The big news this week in the federal election subversion case is special counsel Jack Smith’s monster motion, which argues for why the Supreme Court’s immunity ruling doesn’t block Donald Trump’s prosecution. But another new filing shows that immunity isn’t the only thing threatening the case.
On Thursday, the former president’s lawyers filed a motion citing another case from the high court’s past term: Fischer v. United States.
Jan. 6 rioter Joseph Fischer argued that the charge of obstructing an official proceeding is meant for evidence tampering rather than rioting. The justices sided with Fischer.
Two of Trump’s four charges in his Washington indictment involve the obstruction charge. So it makes sense that his lawyers are citing the new precedent that’s favorable to Jan. 6 defendants. To that end, they argued to U.S. District Judge Tanya Chutkan:
Fischer forecloses the [Special Counsel] Office’s efforts to rely on events at the Capitol on January 6 to support charges under § 1512(c) [the obstruction charge], as the Superseding Indictment does not sufficiently allege that President Trump impaired, or intended to impair, the integrity or availability of any document or other object used in any official proceeding.
To be sure, Trump’s obstruction charges don’t automatically go away after Fischer. The theory of the case against him is different from the narrower cases against rioters. He’s accused of a broader scheme to subvert the results of the 2020 presidential election in a way that could still fit within Fischer even if rioters benefit from the ruling. Trump has pleaded not guilty.
Still, the Republican presidential nominee argues that not only his two obstruction charges but also his other two charges — conspiracy to defraud the U.S. and conspiracy against rights — should fall. His lawyers wrote:
Consistent with the fact that the Special Counsel’s Office has failed to present factual allegations suggesting that President Trump acted “corruptly” in Counts Two and Three [the obstruction counts], the Office has not adequately alleged that President Trump specifically intended to violate individual civil rights as required by § 241 [conspiracy against rights], or acted deceptively under § 371 [conspiracy to defraud the U.S.].

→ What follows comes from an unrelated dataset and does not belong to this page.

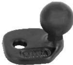
RAM-B-126CU RAM 1.5 X 1.75 BASE 5/16" HOLE & 1"

It’s safe to say this is an aggressive argument. But so was the immunity claim before the Supreme Court made it a reality, so we can never be sure until the justices weigh in. With that in mind, consider how Trump’s lawyers frame the Fischer case against the backdrop of the last term’s Trump-friendly trio of appeals on immunity, obstruction and clearing him to run for office again despite the Constitution’s insurrectionist ban. “The Supreme Court’s decision in Fischer v. United States … is yet another key application of the rule of law to reject lawfare overreach targeting President Trump,” they wrote in Thursday’s motion, citing the immunity and ballot eligibility cases.
To the extent that that language is meant for a legal audience, it might be more directed toward the justices who’ll eventually review Chutkan’s latest round of work — that is, if Trump doesn’t win in November and kill the case before it can go back up the appellate chain.